- _WHAT THE EXERCISE ASKS_: Every entry must be given again exactly. Include no pictures.

── RECORDS FOR THIS EXERCISE

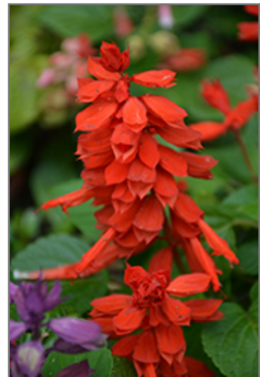
Vista Red Sage flowers
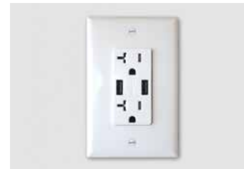
Two USB charging outlets for charging phones/tablets, as per plan.
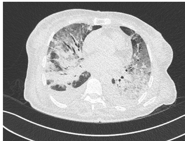
Image 2. Low dose thoracic CT prior to intubation, dated 05.10.2022.

Patients with diabetes mellitus are at risk for serious COVID-19 complications. DKA can also be counted as one of these complications. Since it was seen in previous studies that COVID-19 may present with DKA as the first symptom, it should be considered that COVID-19 may cause DKA even in patients who have not been diagnosed with diabetes before. Among DKA admissions during
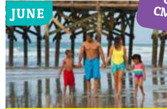
Myrtle Beach, SC June 26-29, 2023
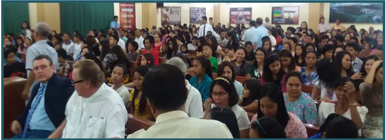
Normal Sunday morning attendance at Lapasan Baptist Church.

────

- _SOLVED EXERCISE_:
Vista Red Sage flowers
Two USB charging outlets for charging phones/tablets, as per plan.
Image 2. Low dose thoracic CT prior to intubation, dated 05.10.2022.

Patients with diabetes mellitus are at risk for serious COVID-19 complications. DKA can also be counted as one of these complications. Since it was seen in previous studies that COVID-19 may present with DKA as the first symptom, it should be considered that COVID-19 may cause DKA even in patients who have not been diagnosed with diabetes before. Among DKA admissions during
Myrtle Beach, SC June 26-29, 2023
Normal Sunday morning attendance at Lapasan Baptist Church.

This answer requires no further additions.